A Sumter man has pleaded guilty in federal court to tax evasion and operating a gambling business after becoming the subject of a public corruption investigation that involved the video poker industry.
Terry Land entered his guilty plea in Columbia to Senior U.S. District Judge Joseph F. Anderson, who will impose sentence after he has reviewed a presentence report.
Evidence presented, as told by U.S. Attorney Beth Drake, established that Land operated Lucky's Cyber Center, Gamecock I and Gamecock II, some of several video poker companies being run in and around the Midlands.

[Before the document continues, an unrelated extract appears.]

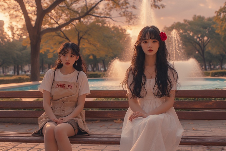 Sebenarnya, hari ini putri Ibu Gendut-eh Ibu Kost berulang tahun. Ya, Bu Kost kalau marah memang menyeramkan sekali. Sesekali kami dihukum menyikat toilet selama satu minggu. Tapi jika moodnya sedang bagus, dia bisa mendadak perhatian kepada kami. Hhh aku masih ingin disini sambil menikmati senja yang indah. Lagipula aku masih lelah. Menunggu sebentar lagi mungkin tidak masalah. Tiba tiba sepasang mataku menangkap seorang gadis yang duduk di bangku di bawah pohon besar. Meskipun agak jauh, tapi masih terlihat jelas rupa gadis itu. Rambutnya panjang tergerai sepinggang, mengenakan gaun putih selutut, kulitnya putih pucat, wajahnya cantik sekali. Dengan bunga mawar merah di telinganya. Gadis itu juga melihat kemari. Mata kami pun bertemu. Entah kenapa dia berjalan ke tempatku duduk. Lalu duduk di sebelahku. Aku pun terheran heran dan mencoba berbicara.

"The investigation into these businesses found that Land had never filed any taxes as related to these businesses, in an interview he confessed," Drake said in a news release. "Moreover, the investigation found that Land would deposit money from his gambling business into his roofing business; that he failed to keep records of the money the gambling businesses made; and dealt solely in cash in operating the gambling business."
Land's criminal tax owing is $17,264 in 2011, $36,918 in 2012 and $4,221 in 2013 — totaling $58,304.
"The gambling business operated machines in numerous locations over the period of time from 2011 to 2014," Drake wrote. "The purveyors of the different locations received a portion of the winnings of the machines. The machines that were operated are in violation of state gambling statue."
The maximum penalty for tax evasion is imprisonment for five years and/or a fine of $100,000, and the maximum penalty for operating a gambling business is imprisonment for five years and/or a fine of $250,000.
A booking photo of Land was not immediately available because he was not arrested by a local law enforcement agency.
The case was investigated by agents of the FBI, IRS-CID, SLED and the South Carolina Attorney General's Office.
Assistant U.S. Attorneys Jim May and Jay Richardson of the Columbia office are prosecuting the case.